The dynamic time warp algorithm that (3b) is conventionally used to humming identification only considered the feature of pitch, and have ignored the spy of the duration of a sound Levy.This method is in order to improve the discrimination of humming identification, while being it is possible that humming section in view of humming person humming song Play when the song rhythm in java standard library is fast or slow, the duration of a sound is introduced to the calculating of cost function.

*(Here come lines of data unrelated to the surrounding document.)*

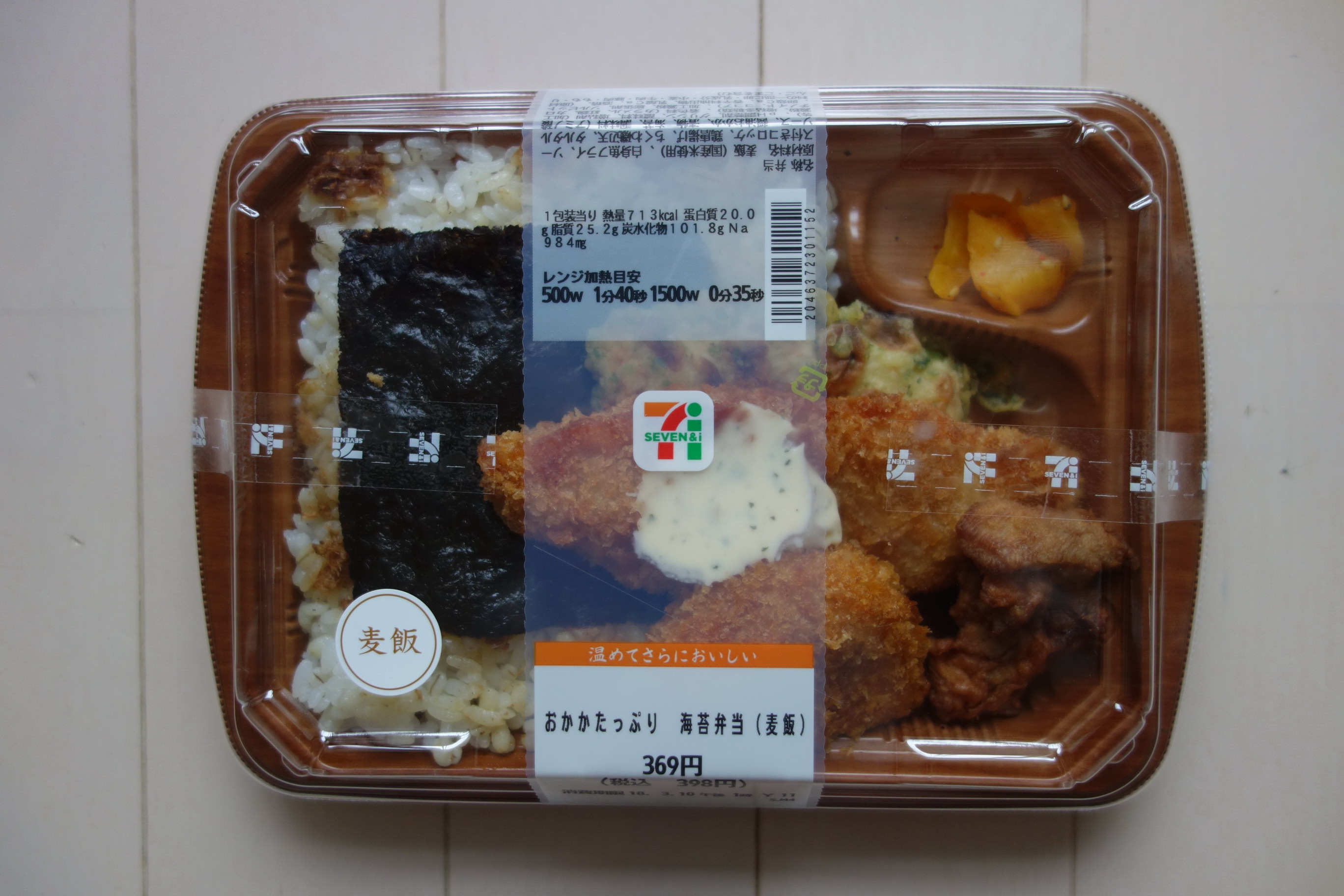 油断をしていたら、同コンビニ店ののり弁が新しいものに替わっていた。定価税込398円、熱量713キロカロリー。製造者は株式会社武蔵野埼玉工場。ご飯とおかずが分かれた位置にあるセパレートタイプで、なにもかけられていないコロッケがあるのに、添付調味料はなし。ご飯に麦を混ぜているというのがウリのようで、もともとジャンクなのり弁にヘルシー志向を強引に採り入れたチャレンジングな一品といえるかもしれない。おかずの布陣は、タルタルソースの載った白身魚フライ、ちくわ天、コロッケ2分の1、唐揚げ、沢庵……とのり弁としてはオーソドックスなもの。たしかに麦が混ざっているご飯の上には、正方形の海苔が1枚。というわけで、初めての麦飯のり弁に期待しながらの実食。白身魚フライは大きいのはいいが、衣が厚く身が小さくてがっかりさせられるもの。タルタルソースの量もかなり足りない。ちくわ天は青海苔が多くて香ばしい。これなら醤油なしでもイケる。コロッケも衣が厚く、中身はフニャフニャでポテトサラダ状態。しかもソースなしだと非常に辛い品だった。そうかと思えば、唐揚げも衣が厚いもので、というかほぼ衣といってもいい状態でこれはだいぶいただけない。沢庵はごく普通。で、問題の麦飯だが、たとえ少量であっても麦が混ざることの付加価値は高く、米100%より味も食感も大幅アップした感じ。健康になった気がする精神的充足感も大きい。しかしながら全体の評価は低く3点(10点満点中)。麦飯はいいのだが、おかずのクオリティがダメダメなので、もう少し頑張ってほしかった。「おかかたっぷり」と謳っていながら、それほどでもなかったのもマイナスポイント。
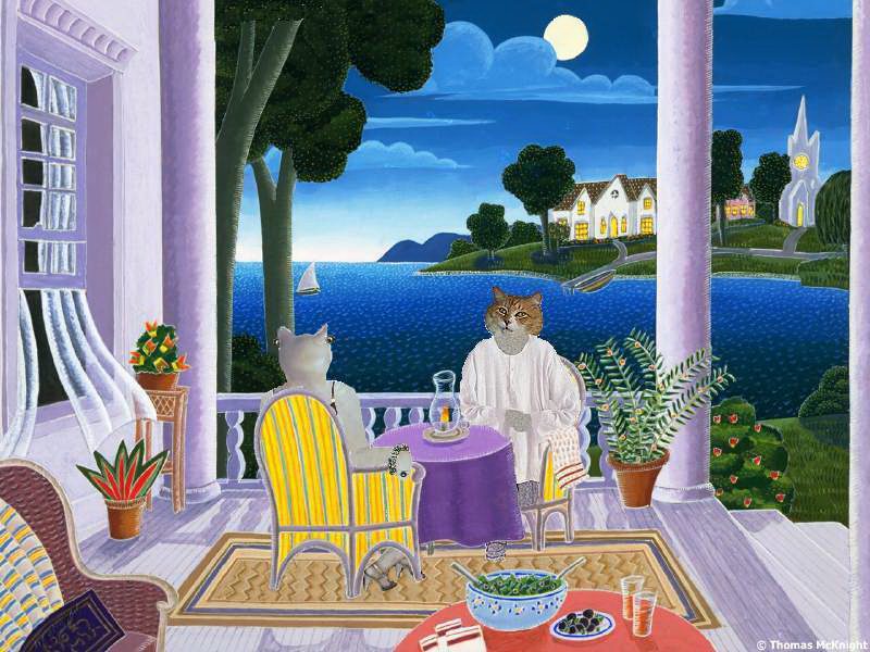 Bini'z gift to Murrf iz a trip to Tahiti - here dey are relaxin'
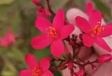 变叶珊瑚花,是大戟科麻风树属常绿灌木。变叶珊瑚花单叶互生,倒阔披针形,叶面为浓绿色,叶背为紫绿色,叶柄具茸毛,叶面平滑,常丛生于枝条顶端;花单性,雌雄同株,花冠红色或粉红色,雌、雄花不同时开放;具乳汁,…全部>>
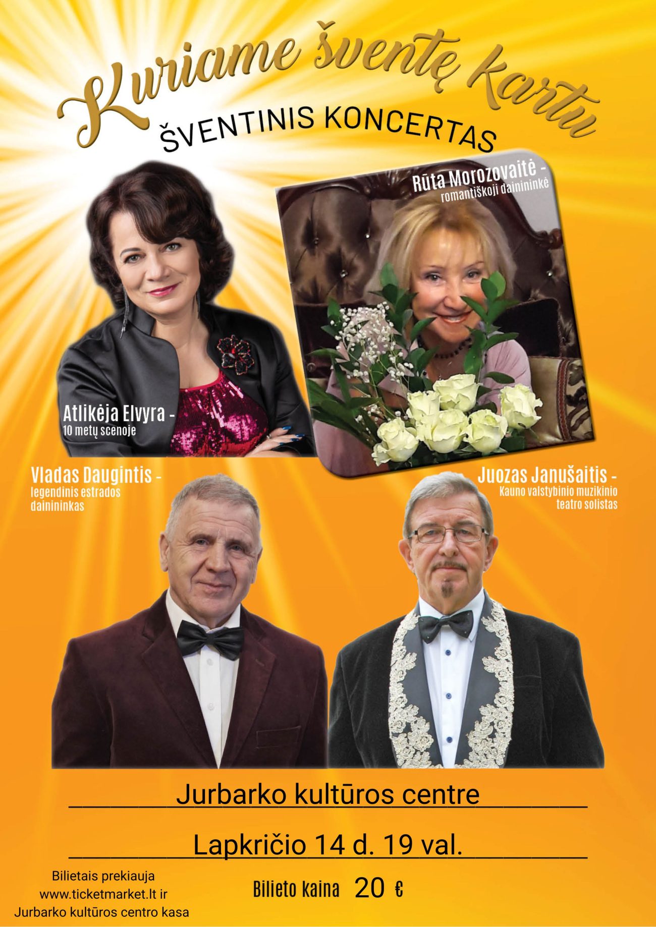 Bilietus galite įsigyti www.ticketmarket.lt ir Jurbarko kultūros centro bilietų kasoje (darbo dienomis nuo 16 iki 18 val.), tel. +370 698 70 372
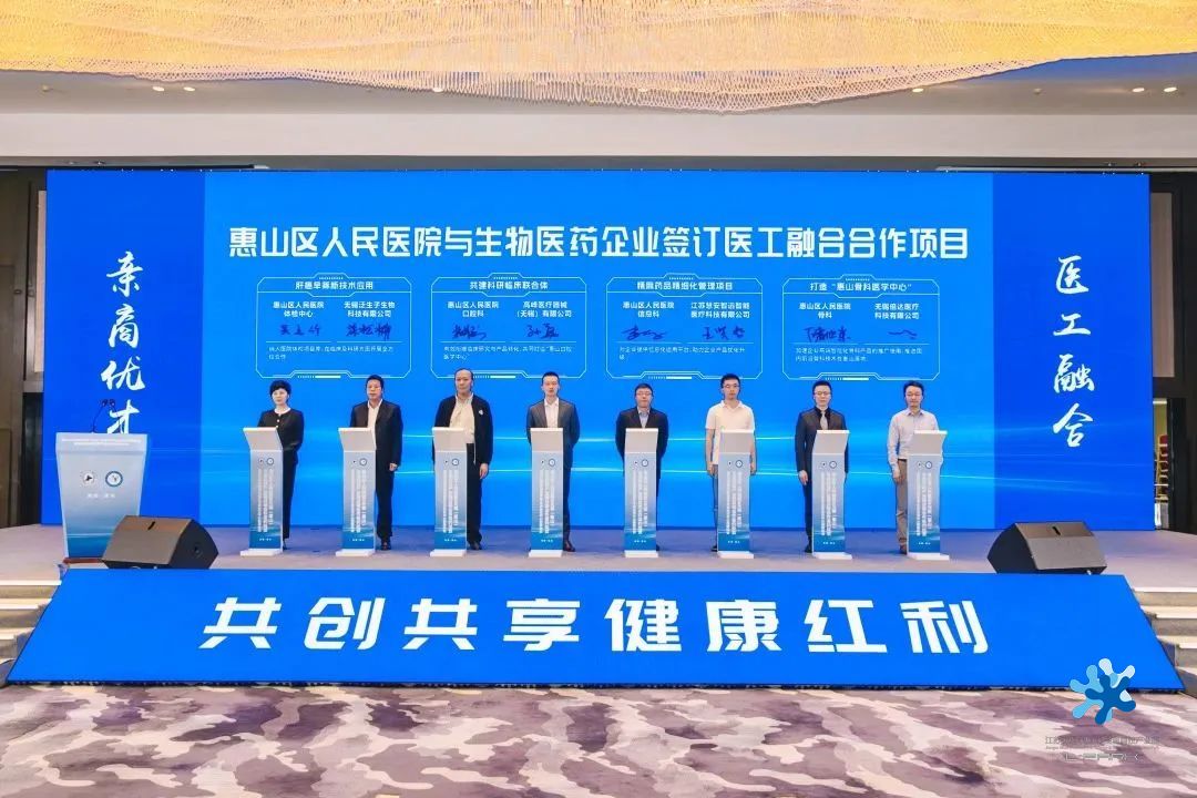 惠山區人民醫院檢驗科、藥劑科、科教科、泌尿外科、體檢中心、口腔科、信息科、骨科等科室分別與和惠山生命園申瑞生物、臨研通科技、華泰創新藥、茵絡醫療、泛生子、高峰醫療、慧安智遠、倍達醫療等企業簽訂了8個項目合作協議,包括共享共建科研平臺、共建醫學檢驗實驗室、共建科研臨床聯合體、推動臨床專利成果轉化,共同打造“惠山口腔醫學中心”、“惠山骨科醫學中心”,籌建“惠山創新藥臨床應用中心”等。
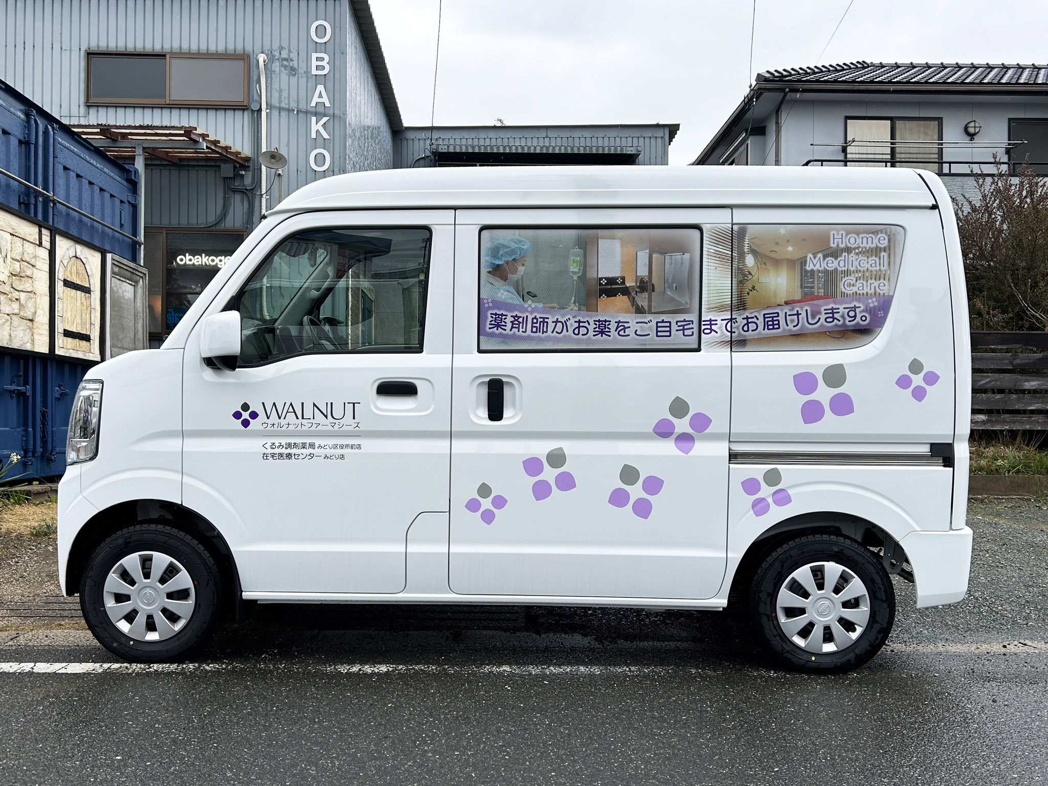 ウォルナットファーマシーズ様、営業車のクリッパー2台にカーマーキングさせていただきました。 この後コーティングをお願いする関係で、太陽工業所様のガレージにて施工です。 風が強い日でしたが、ガレージの中で快適に作業できました。

If the characteristic sequence of humming input melody is X={ (tx₁, ty₁)(tx₂, ty₂)…(tx_m, ty_m), in target database Song features sequence is Y={ (rx₁, ry₁)(rx₂, ry₂)…(rx_n, ry_n), tx_i, rx_jFor corresponding pitch difference sequence, ty_i, ry_jCompare sequence for the corresponding duration of a sound.Improved cost function calculation is as follows：

d_{I-1, j-1}=u*abs (tx_i-rx_j)+(1-u)*abs(ty_i-ry_j)*km

d_{I-2, j-1}=u*abs (tx_i-1+tx_i-rx_j)+(1-u)*abs((ty_i*ty_i-1)/(1+ty_i-1)-ry_j)*km+c₃

d_{I-1, j-2}=u*abs (rx_j-1+rx_j–tx_i)+(1-u)*abs((ry_j*ry_j-1)/(1+ry_j-1)-ry_i)

*km+c₄

Wherein c₃, c₄For balance factor, u is the weights introduced.This method finds that pitch parameters are more more accurate than otonaga features, institute To set u>0.5.Km be average pitch difference with the average duration of a sound than ratio.